Strittig ist bekanntlich in beiden Verfahren, wer für die Folgen des Feuerwehreinsatzes in Anspruch zu nehmen ist: die Firma als Grundstückseigentümerin oder die Stadt, deren Feuerwehr den Löschschaum eingesetzt hat. Erdreich und Grundwasser wurden damals verseucht. Der Brandstifter, der den Großbrand verursacht hatte, ist nie gefunden worden.

Wer ist der Störer?

Zur Erinnerung: Im Juli 2014 urteilte das Baden-Badener Landgericht, dass der Löschmitteleinsatz ein Fehler gewesen sei, mithin sei die Stadt für die Folgekosten verantwortlich zu machen. Die Stadt beantragte Revision vor dem Oberlandesgericht. Dieses entschied im Januar 2015, die Revision zuzulassen, weil das Landgericht einige Fragen offengelassen habe. Nämlich: Ob der Einsatzleiter seine Amtspflichten verletzt habe, weil der eingesetzte Schaum zum Zeitpunkt des Brandes nicht mehr zulässig war und ob er einen Ermessensfehler begangen hatte, weil das Feuer möglicherweise auch ohne Schaum hätte bekämpft werden können. Das OLG hatte bei der Zulassung der Revision angekündigt, nochmals in die Beweisaufnahme einsteigen zu wollen. Unbekannt ist, ob es zwischenzeitlich weitere Gutachten gibt.

Anordnungen rechtswidrig

Das Verwaltungsgericht Karlsruhe hatte wiederum mit Urteil vom Dezember 2014 die wasser- und bodenschutzrechtlichen Anordnungen nebst den Gebührenbescheiden der Stadtverwaltung über insgesamt 740 000 Euro für Grundwasseruntersuchungen und Ersatzvornahmen für rechtswidrig erklärt. Der Grund: Die Stadt habe die vom Bundesverfassungsgericht entwickelten Zumutbarkeitsgrenzen nicht hinreichend beachtet. Allein deswegen seien die Bescheide rechtswidrig.
Die Frage, ob die Stadt wegen des Einsatzes ihrer Feuerwehr selbst als so genannter „Störer“ heranzuziehen sei, hatte das Verwaltungsgericht deshalb offengelassen. Ob die zweite Instanz dieser Frage jetzt nachgehen wird?

Schaden über eine Million

Vor gut zwei Jahren war der Schaden durch den Löscheinsatz bereits mit gut einer Million Euro beziffert worden und er wird auch heute noch jeden Tag größer, denn die Grundwasserreinigung muss weiter betrieben werden.

 

Kommentar zum Thema:

Die Prozesse haben noch gar nicht stattgefunden, folglich gibt es auch noch keine Urteile. Und da es sich um Auseinandersetzungen vor Senaten der Verwaltungs- beziehungsweise Zivilgerichtsbarkeit handelt, wird es vermutlich auch nach den Terminen im November um die Folgen des Claus-Großbrandes in Sandweier so schnell keine Urteile geben.

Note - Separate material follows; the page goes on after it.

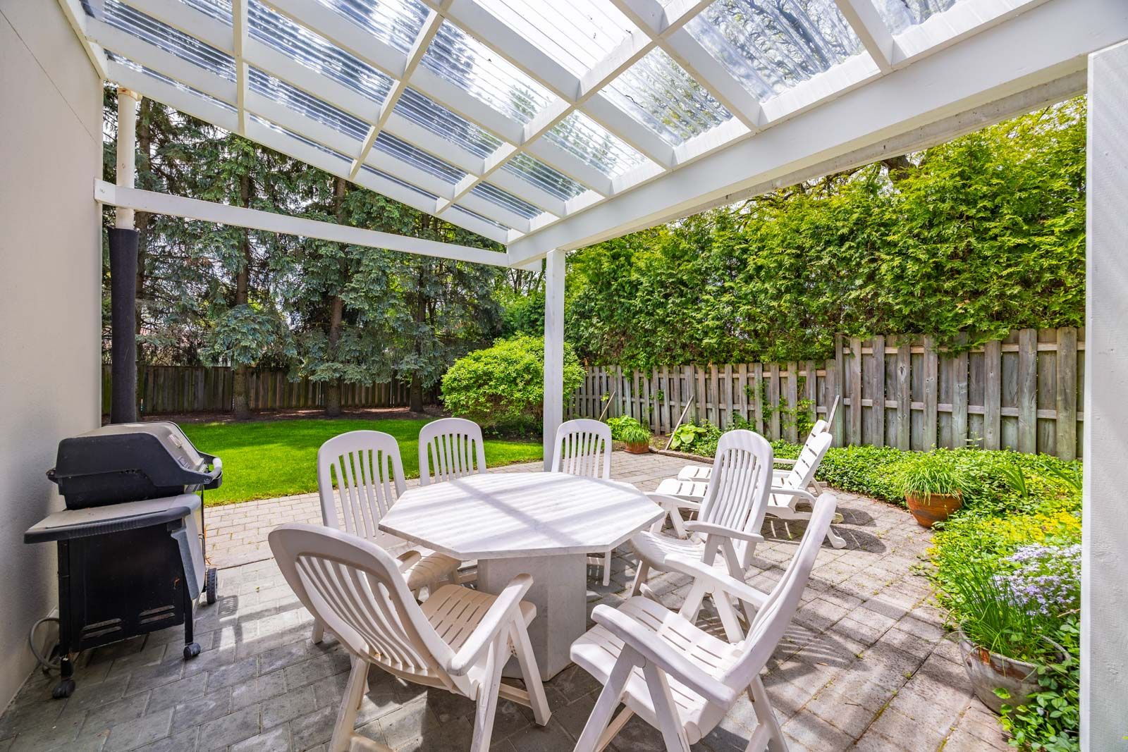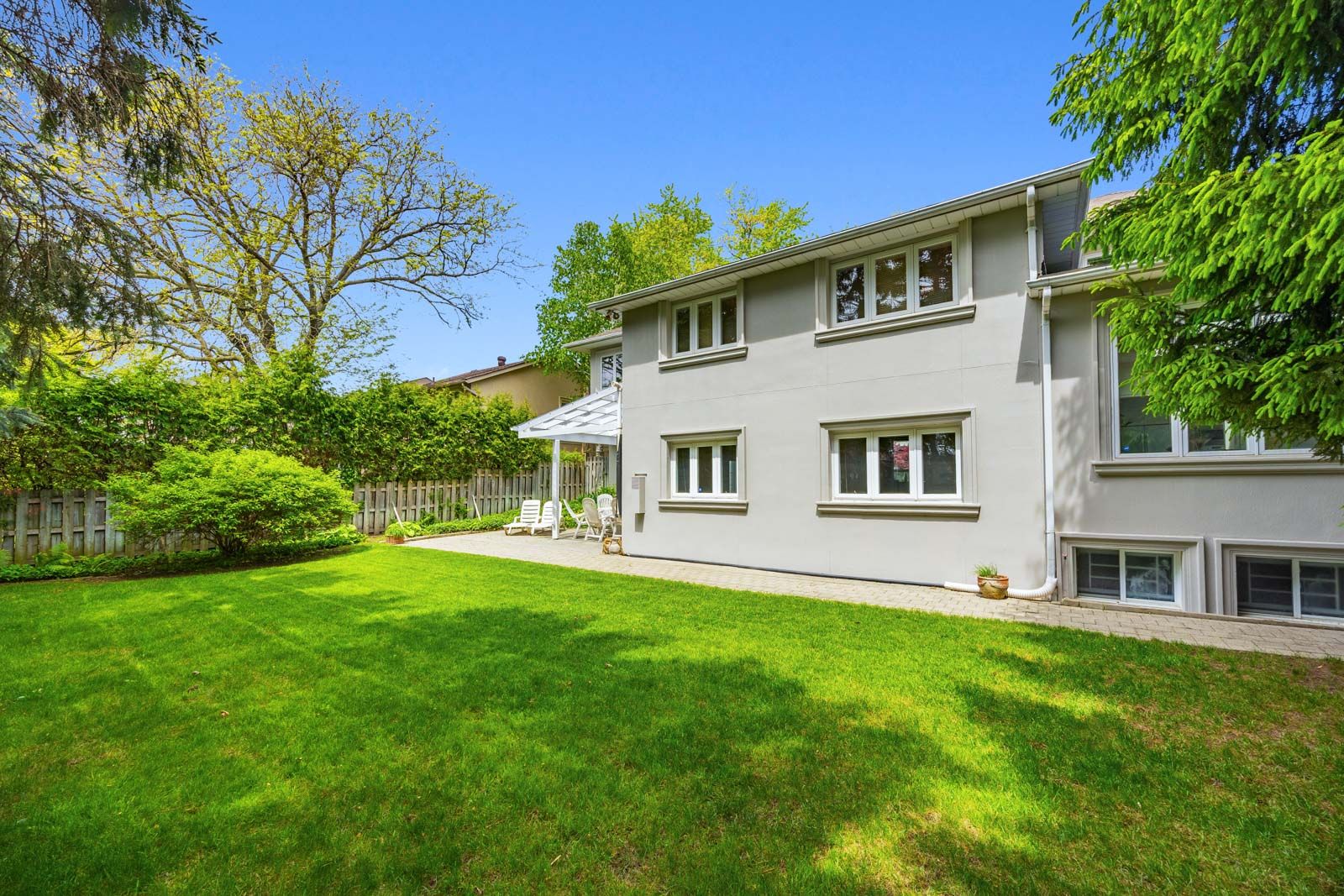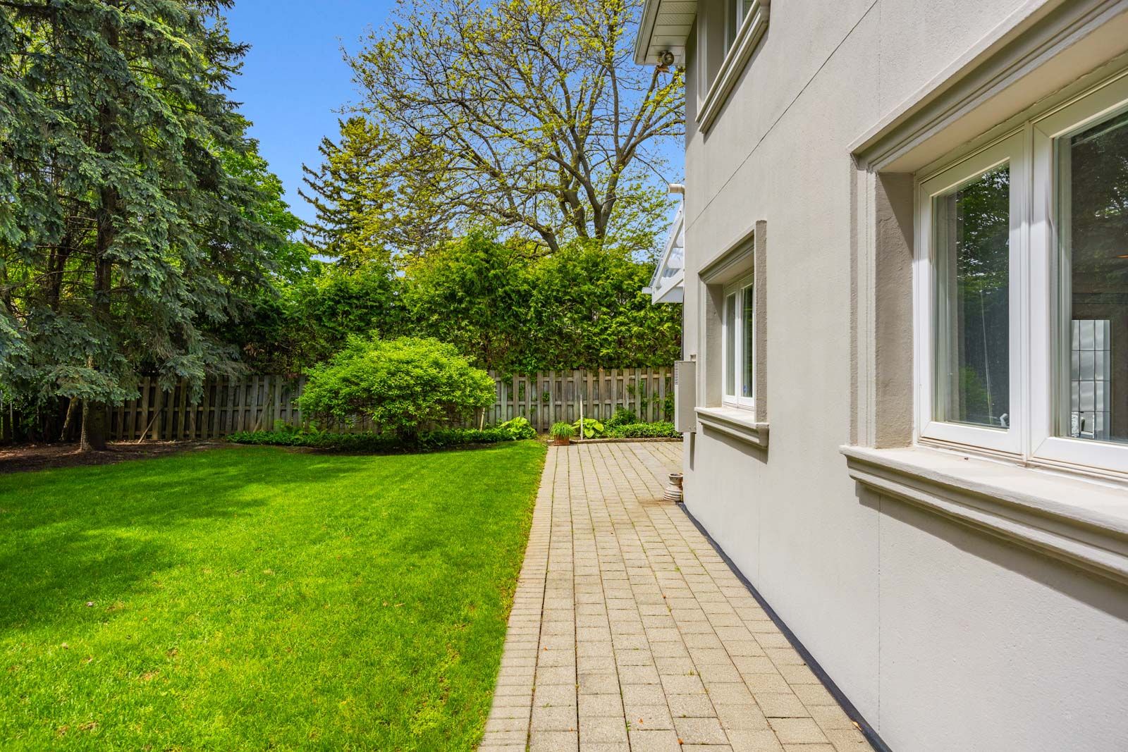• Private fully fenced backyard featuring large evergreens.

Da der Öffentlichkeit zudem bisher noch entzogen ist, was die streitenden Parteien in den vergangenen eineinhalb Jahren an Argumenten ausgetauscht haben, könnte es also spannend werden. Oder vielleicht auch nicht, denn der gesunde Menschenverstand konnte der städtischen Argumentation noch nie so recht folgen.

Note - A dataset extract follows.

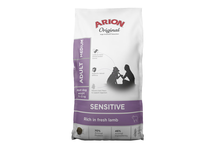 Arion Original Sensitive Medium es un alimento completo para perros adultos. Esta receta a base de cordero y sin gluten, contiene una combinación sinérgica de las mejores fibras naturales y prebióticos para favorecer la digestión.

Man stelle sich vor: Auf der Autobahn bricht im Motorraum ein Feuer aus. Die Feuerwehr löscht, man ist froh, trotz allem nur mit Sachschaden davongekommen zu sein und dann flattert einige Monate später eine Forderung ins Haus. Man soll auf eigene Rechnung Boden und Grundwasser untersuchen und dann beseitigen und reinigen lassen, weil der Löschschaum Gift enthalten hat. Logisch? Wohl kaum. Aber genau darum geht’s seit einem halben Jahrzehnt vor den Schranken Justitias. Oder geht es im Kern doch nur ganz allein um die Tatsache, dass die Versicherungen nicht zahlen wollen?

Ausgetragen wird das Ganze auf dem Rücken eines am Löschschaum unschuldigen Unternehmers und eines Einsatzleiters, der nur eines wollte: das Feuer löschen. Beide sitzen seit Jahren im Hamsterrad.